Hello,
ESXi, 6.5.0, 18678235
HP ProLiant ML350 G6
vSphere Client show red Alarm: "Host memory status"
I ran memtest86+, but it didn't find any errors:
just a question - what does the string "PROC 2 DIMM 8" mean?
Host memory status does not mean something is wrong with the RAM. It means the ESXi host has consumed more than 80%. When your server is running, what is the total usage of RAM with all your VMs powered on ?
It's not a problem, just a warning you're getting close to maxing the server out. It will go from yellow to red once you exceed 90% usage
This host have 48GB RAM and only one VM with 10GB memory:
What does the iLO / IML logs show for the memory ? Any issues or are they all active and healthy.
The only other thing I can suggest is to try and install the HPE Customized ESXi ISO . It includes drivers from the vendor. I've always used those images on my G9-G10 servers..
Also check the hardware compatibility guide to make sure your G6 is actually supported by this version of ESXi.
I hope some of this helps you find the cause. Good luck !
There are no memory errors in iLO.
Server is already installed from a HPE custom image.
Hello.
If there are no physical hardware errors, they could be going undetected, it is a good idea to update the UEFI(Bios), ILO and other firmware. These updates should be done at least once a year if new firmware versions are available.
From the build you indicate you have installed the latest patch stack (October 2021), by any chance the memory error messages started after this update?
BIOS and iLO2 already have latest firmware.
ESXi was installed three days ago from HP custom ISO and do not have other updates.
When you reset it, how long does it take to come back?
Can you post a picture of the host -> monitor -> hardware health tab?
The 2 PROC 8 DIMM in memtests means 2 PROCessors (sockets / packages) and 8 DIMM slots (not sure if populated or just available).
Hello
For HP ML350 G6 the latest supported ESXi version is ESXi 5.5 U3
If you can work with this memory error message or others that may occur, you can continue with version 6.5.

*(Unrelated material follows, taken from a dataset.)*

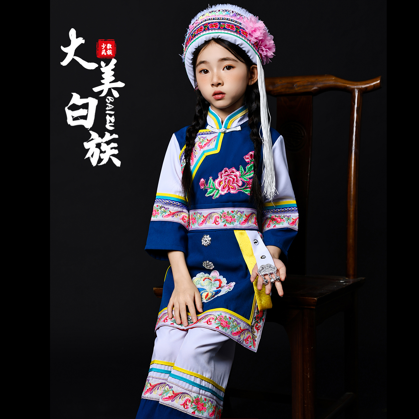 儿童演出服舞台服装 云南少数民族服装 大理白族服饰白族女舞蹈服装

If it is a new installation that is not in use, you may want to try version 6.0, which is also not supported for this server model by HP or VMware.
Hello.
Another option for your case would be to install version 6.5 from a standard VMware ISO (without the HP drivers) and if it installs and works without problems try installing the HP driver for the disk controller (which is the most critical).

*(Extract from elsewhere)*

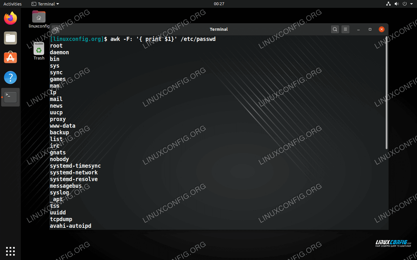 由于如果我们只需要用户名,则此输出太多,因此我们可以使用 awk 命令仅显示帐户的用户名。

To be covered you will need to configure the ILO to report Hardware failures.
>>When you reset it, how long does it take to come back?
6 hours and 5 hours
>>Can you post a picture of the host -> monitor -> hardware health tab?
>>The 2 PROC 8 DIMM in memtests means 2 PROCessors (sockets / packages) and 8 DIMM slots
Host have 18 slots (12 populated)
So "System Board 10 Memory" does show a warning. Check whether "esxcli hardware ipmi sdr list" gives you any additional information or whether anything is logged in "esxcli hardware ipmi sel list".
> Host have 18 slots (12 populated)
You are right, that actually looks like a locator straight out of smbios, so presumably it comes somewhere from dmi.c. Looking very briefly at https://github.com/Distrotech/memtest86/ (if that is the same version) I can't find where it is printed though, I also can't make the ascii characters before that, unless they are merged. You might want to pop out that DIMM and verify again.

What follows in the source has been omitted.